Claire Clémence de Maillé (25 February 1628 – 16 April 1694) was a French noblewoman from the Brézé family and a niece of Cardinal Richelieu. She married Louis de Bourbon, Prince of Condé, known as Le Grand Condé (The Great Condé), and became the mother of Henri Jules. She was Princess of Condé and Duchess of Fronsac.

Life
Claire Clémence was born at Brézé in the historical province of Anjou, France, as the daughter of Urbain de Maillé, marquis de Brézé, seigneur de Milly, seigneur de Thévalles, and Marshal of France. Her mother was Nicole du Plessis, the sister of Cardinal Richelieu. She had an older brother, Jean Armand de Maillé-Brézé, who became an Admiral of the French Royal Navy (La Royale).

When she was five years old, her uncle, the Cardinal, arranged her betrothal to the French prince du sang, Louis de Bourbon, who would become the renowned general le Grand Condé, "the Great Condé." Under the pretext of educating her, she was taken from her family and entrusted to Mme Boutillier, wife of the Superintendent of Finance, who gave her a mediocre education.

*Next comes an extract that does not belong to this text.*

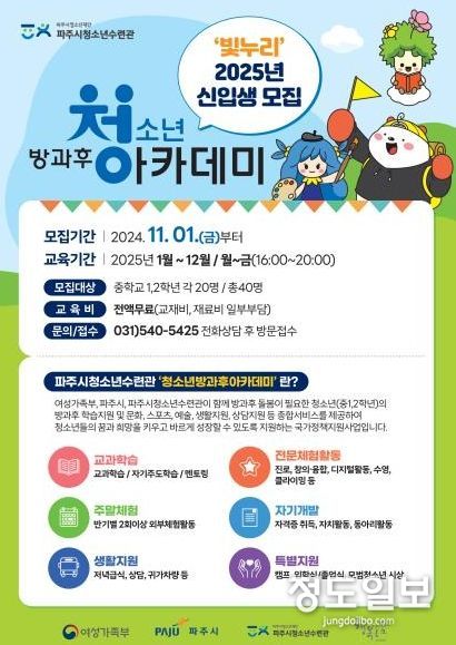 (정도일보) (재)파주시청소년재단 파주시청소년수련관 청소년방과후아카데미 활동에 참여할 2025년 신입생을 모집한다.

In 1641, Claire Clémence married Louis at Milly-le-Meugon. Louis, then the duc d'Enghien, was barely twenty years old and had already had several mistresses. In love at the time with Marthe Poussard (called Mlle du Vigean), he protested in vain against the marriage, but his father, Henri, Prince of Condé, forced him to wed Claire Clémence.

The marriage took place on 11 February 1641 at the Palais-Royal in Paris.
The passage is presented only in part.